Authorities in Ivory Coast speculated Monday that a guard may have allowed nearly 100 inmates to escape a prison in the west African country, the latest in a string of jail breaks.
“It’s incomprehensible,” Coulibaly Ouamien, deputy mayor of Katiola, where the escape took place, told AFP. “The prison wall is six metres (20 feet) tall and there are many doors before the main gate, so it was obviously an inside job.”
“There was an individual, a prison guard, who opened the prison”.
A prison source confirmed that the main gate was left unlocked.
“Ninety-eight inmates” escaped at dawn Sunday from the prison about 45 kilometres (30 miles) north of Bouake, said the director of the penitentiary administration, Joachim Kongoue Koffi, in a statement.
Koffi also said that 36 escapees had been recaptured and that some officials in charge at the prison had been sacked.
The men fled after going through the roof of their cells, he added.

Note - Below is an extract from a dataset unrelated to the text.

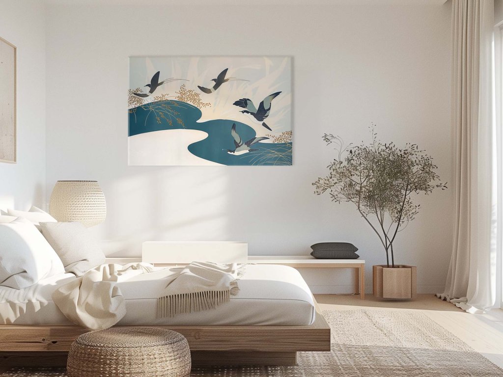 Tento obraz zobrazuje elegantný let vtákov nad pokojnou vodnou plochou. Jemné a plynulé línie vtákov vytvárajú dojem pohybu a voľnosti, zatiaľ čo pozadie pozostáva z mäkkých, prírodných farieb. Celková kompozícia pôsobí pokojne a harmonicky, čím evokuje pocit slobody a spojenia s prírodou.

A judicial source earlier said “the security apparatus is partially responsible for this massive evasion,” and added that “the inmates left the prison without much effort”.
The inmates who escaped were followers of the late leader of a prison mutiny last year, Coulibaly Yacouba, sources told AFP Sunday.

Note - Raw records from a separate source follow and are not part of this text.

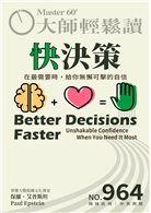 人生可以簡化歸納為一個決策與行動的遊戲。「腦+心=手」公式讓你得到清晰、自信、堅定和勇氣,4種有力的武器,讓你知道自己可以持續更快做出最好決策。
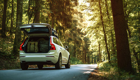 Close up of a white car on the road in the forest.
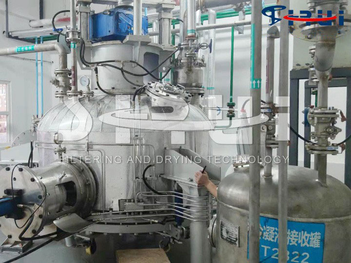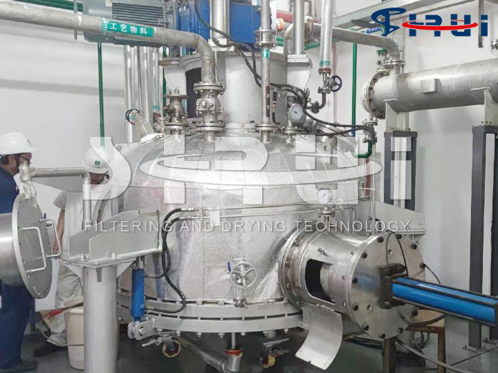 ??在醫(yī)藥、農(nóng)藥、炸藥、染料、顏料及其它精細(xì)化工生產(chǎn)過程的后處理工序中,常有過濾、洗滌、干燥等單元操作,這些單元操作通常由離心過濾機、洗滌槽以及干燥機等單元設(shè)備單獨運作,設(shè)備間通過管道或采用其它方式輸送物料。多種單元設(shè)備連成一個系統(tǒng)的大裝置、長流程、低效率、難調(diào)節(jié)的生產(chǎn)過程,對于固體含量較高的懸濁液,往往發(fā)生固體粘壁而堵塞管道,造成生產(chǎn)難以正常進行。采取敞開式生產(chǎn),雖便于處理堵塞問題,但對于醫(yī)藥、 食品、生物制品等難以滿足規(guī)范要求,而且對于易燃、易爆、有毒或劇毒的物料,還存在安全隱患。
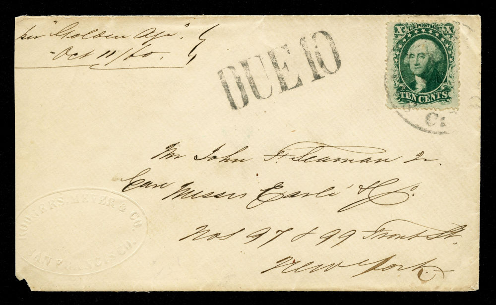 (35) 1857-61 10¢ green Washington Type V tied by black “San Francisco, Ca” cds on cover addressed to New York City with manuscript "per Golden Age / Oct 11/60" at top left. Sender embossed name/address at lower left and "DUE 10" straightline handstamp at top center due to this being a double weight letter, requiring collection of 10¢ from the recipient. The cover departed San Francisco aboard the Golden Age on October 11, 1860 arriving in Panama on October 25th then carried across and put aboard the Northern Light for its final leg to New York City, arriving on November 2, 1860. A very fine example of a West-to-East via Panama double weight cover with prominent "DUE 10" handstamp. With 2025 Philatelic Foundation certificate.
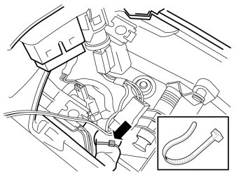 - Position the fuse holder on the cable harnesses by the gear shift carrier's right-hand rear corner and secure using a cable from the kit.

Yacouba, otherwise known as “Yacou the Chinese”, was killed in February 2016 during an attempted jail break at Ivory Coast’s main detention centre in Abidjan. Ten people died, including a guard, and 21 others were injured.
This is the latest in a string of jail breaks in Ivory Coast, which has suffered intermittent unrest since the start of the year due to tensions within the country’s armed forces.
Last month, five prisoners escaped from a jail in the south-central city of Gagnoa. The city said four prison guards and one civilian were arrested on suspicion of aiding the inmates.
In another incident two days later, 20 people escaped from holding cells at the Abidjan courthouse after clashing with police. Seven prison officials were arrested.